WHAT NEEDS TO BE DONE -
Please go line by line and repeat the data below exactly, with no images.

DATASET SECTION -

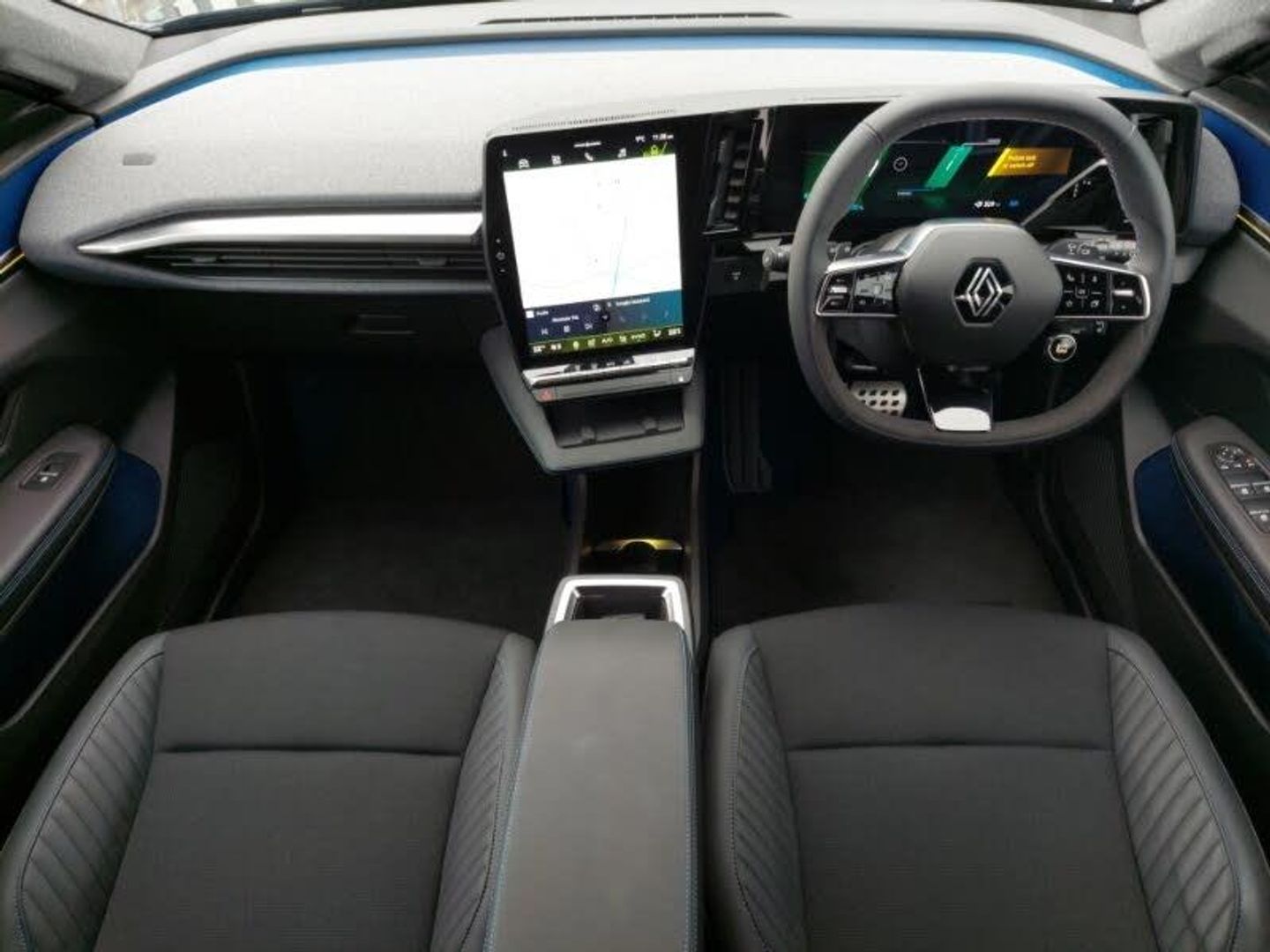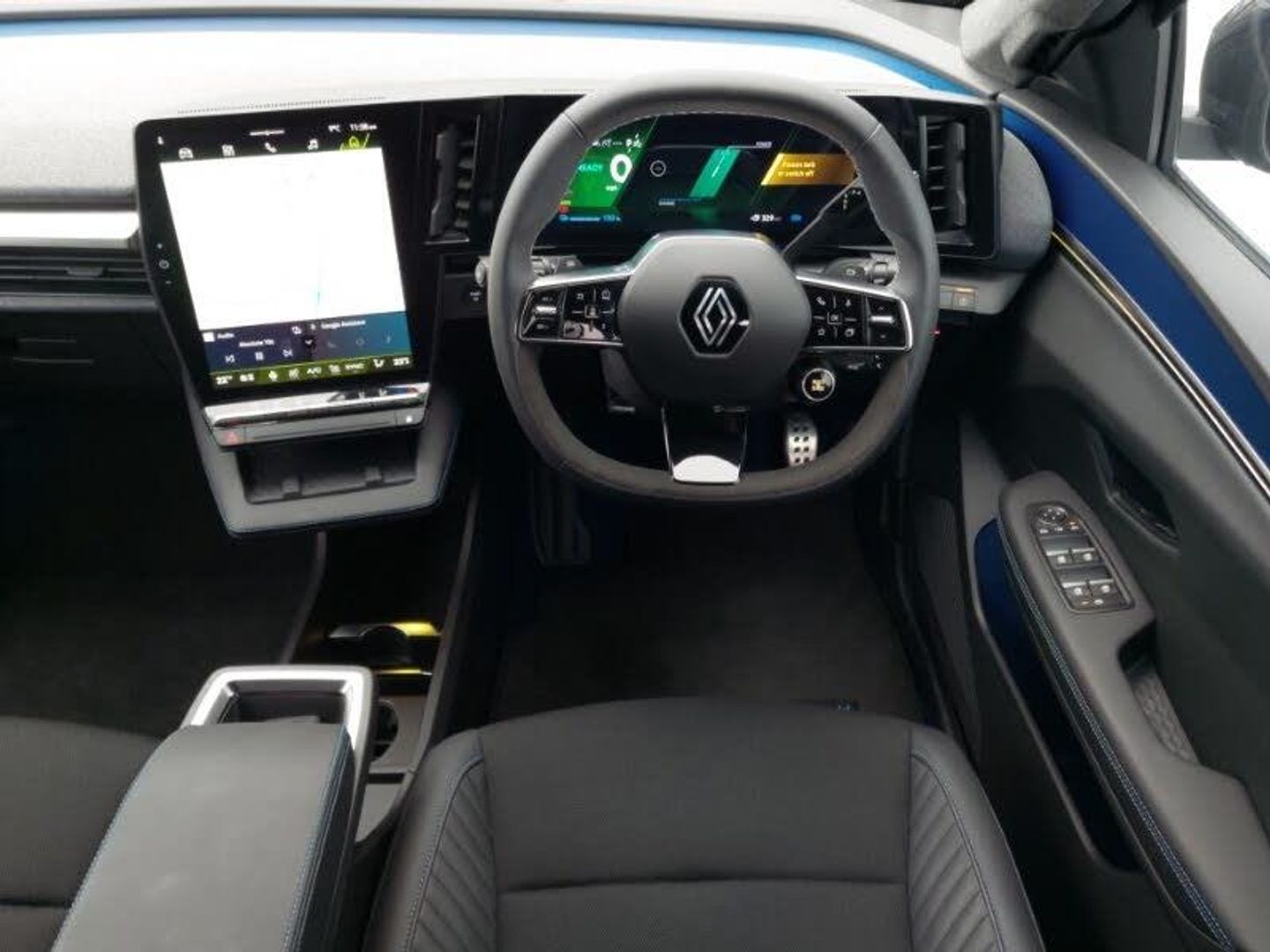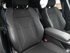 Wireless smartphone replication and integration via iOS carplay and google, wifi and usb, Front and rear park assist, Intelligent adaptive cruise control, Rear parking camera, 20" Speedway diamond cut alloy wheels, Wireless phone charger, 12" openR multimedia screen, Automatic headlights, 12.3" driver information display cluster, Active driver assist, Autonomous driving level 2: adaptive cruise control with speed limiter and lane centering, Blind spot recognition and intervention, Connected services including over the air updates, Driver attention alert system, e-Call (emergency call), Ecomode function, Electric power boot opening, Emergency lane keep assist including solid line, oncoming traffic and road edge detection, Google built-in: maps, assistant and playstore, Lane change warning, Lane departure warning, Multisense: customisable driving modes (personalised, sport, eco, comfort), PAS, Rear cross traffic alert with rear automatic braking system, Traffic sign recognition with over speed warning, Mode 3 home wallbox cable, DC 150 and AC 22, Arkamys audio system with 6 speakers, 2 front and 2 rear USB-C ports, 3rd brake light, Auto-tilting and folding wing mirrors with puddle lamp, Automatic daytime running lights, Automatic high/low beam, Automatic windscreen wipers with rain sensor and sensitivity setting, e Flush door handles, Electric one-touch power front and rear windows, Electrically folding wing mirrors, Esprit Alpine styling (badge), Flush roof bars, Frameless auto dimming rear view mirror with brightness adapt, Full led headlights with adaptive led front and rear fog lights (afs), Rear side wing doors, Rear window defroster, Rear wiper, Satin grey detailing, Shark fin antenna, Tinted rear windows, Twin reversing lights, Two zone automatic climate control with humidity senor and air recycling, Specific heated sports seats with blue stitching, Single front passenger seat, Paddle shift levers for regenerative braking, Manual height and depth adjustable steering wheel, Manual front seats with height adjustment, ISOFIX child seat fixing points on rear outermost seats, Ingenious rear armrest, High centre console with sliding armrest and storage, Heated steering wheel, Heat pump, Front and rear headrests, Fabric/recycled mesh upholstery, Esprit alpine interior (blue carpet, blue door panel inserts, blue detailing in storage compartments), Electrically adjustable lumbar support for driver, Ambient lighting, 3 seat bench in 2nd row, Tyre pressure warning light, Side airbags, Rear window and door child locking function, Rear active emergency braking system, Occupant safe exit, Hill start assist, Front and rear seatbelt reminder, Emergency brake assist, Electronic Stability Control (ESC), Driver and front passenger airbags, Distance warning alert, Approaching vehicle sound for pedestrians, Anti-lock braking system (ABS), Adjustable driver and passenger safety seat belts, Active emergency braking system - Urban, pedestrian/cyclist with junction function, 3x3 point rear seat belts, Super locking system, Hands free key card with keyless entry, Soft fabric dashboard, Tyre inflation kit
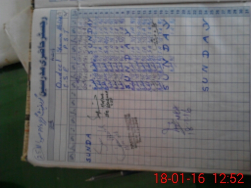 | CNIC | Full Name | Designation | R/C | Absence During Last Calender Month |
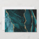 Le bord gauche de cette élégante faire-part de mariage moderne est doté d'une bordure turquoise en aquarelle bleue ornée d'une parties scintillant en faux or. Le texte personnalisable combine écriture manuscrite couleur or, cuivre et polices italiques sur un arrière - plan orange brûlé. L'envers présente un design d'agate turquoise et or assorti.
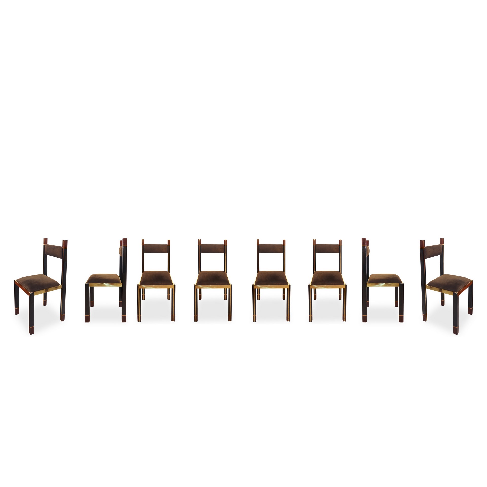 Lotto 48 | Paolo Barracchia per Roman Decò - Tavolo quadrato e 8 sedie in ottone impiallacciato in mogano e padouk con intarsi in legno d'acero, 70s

OUTPUT BELOW -
 Wireless smartphone replication and integration via iOS carplay and google, wifi and usb, Front and rear park assist, Intelligent adaptive cruise control, Rear parking camera, 20" Speedway diamond cut alloy wheels, Wireless phone charger, 12" openR multimedia screen, Automatic headlights, 12.3" driver information display cluster, Active driver assist, Autonomous driving level 2: adaptive cruise control with speed limiter and lane centering, Blind spot recognition and intervention, Connected services including over the air updates, Driver attention alert system, e-Call (emergency call), Ecomode function, Electric power boot opening, Emergency lane keep assist including solid line, oncoming traffic and road edge detection, Google built-in: maps, assistant and playstore, Lane change warning, Lane departure warning, Multisense: customisable driving modes (personalised, sport, eco, comfort), PAS, Rear cross traffic alert with rear automatic braking system, Traffic sign recognition with over speed warning, Mode 3 home wallbox cable, DC 150 and AC 22, Arkamys audio system with 6 speakers, 2 front and 2 rear USB-C ports, 3rd brake light, Auto-tilting and folding wing mirrors with puddle lamp, Automatic daytime running lights, Automatic high/low beam, Automatic windscreen wipers with rain sensor and sensitivity setting, e Flush door handles, Electric one-touch power front and rear windows, Electrically folding wing mirrors, Esprit Alpine styling (badge), Flush roof bars, Frameless auto dimming rear view mirror with brightness adapt, Full led headlights with adaptive led front and rear fog lights (afs), Rear side wing doors, Rear window defroster, Rear wiper, Satin grey detailing, Shark fin antenna, Tinted rear windows, Twin reversing lights, Two zone automatic climate control with humidity senor and air recycling, Specific heated sports seats with blue stitching, Single front passenger seat, Paddle shift levers for regenerative braking, Manual height and depth adjustable steering wheel, Manual front seats with height adjustment, ISOFIX child seat fixing points on rear outermost seats, Ingenious rear armrest, High centre console with sliding armrest and storage, Heated steering wheel, Heat pump, Front and rear headrests, Fabric/recycled mesh upholstery, Esprit alpine interior (blue carpet, blue door panel inserts, blue detailing in storage compartments), Electrically adjustable lumbar support for driver, Ambient lighting, 3 seat bench in 2nd row, Tyre pressure warning light, Side airbags, Rear window and door child locking function, Rear active emergency braking system, Occupant safe exit, Hill start assist, Front and rear seatbelt reminder, Emergency brake assist, Electronic Stability Control (ESC), Driver and front passenger airbags, Distance warning alert, Approaching vehicle sound for pedestrians, Anti-lock braking system (ABS), Adjustable driver and passenger safety seat belts, Active emergency braking system - Urban, pedestrian/cyclist with junction function, 3x3 point rear seat belts, Super locking system, Hands free key card with keyless entry, Soft fabric dashboard, Tyre inflation kit
 | CNIC | Full Name | Designation | R/C | Absence During Last Calender Month |
 Le bord gauche de cette élégante faire-part de mariage moderne est doté d'une bordure turquoise en aquarelle bleue ornée d'une parties scintillant en faux or. Le texte personnalisable combine écriture manuscrite couleur or, cuivre et polices italiques sur un arrière - plan orange brûlé. L'envers présente un design d'agate turquoise et or assorti.
 Lotto 48 | Paolo Barracchia per Roman Decò - Tavolo quadrato e 8 sedie in ottone impiallacciato in mogano e padouk con intarsi in legno d'acero, 70s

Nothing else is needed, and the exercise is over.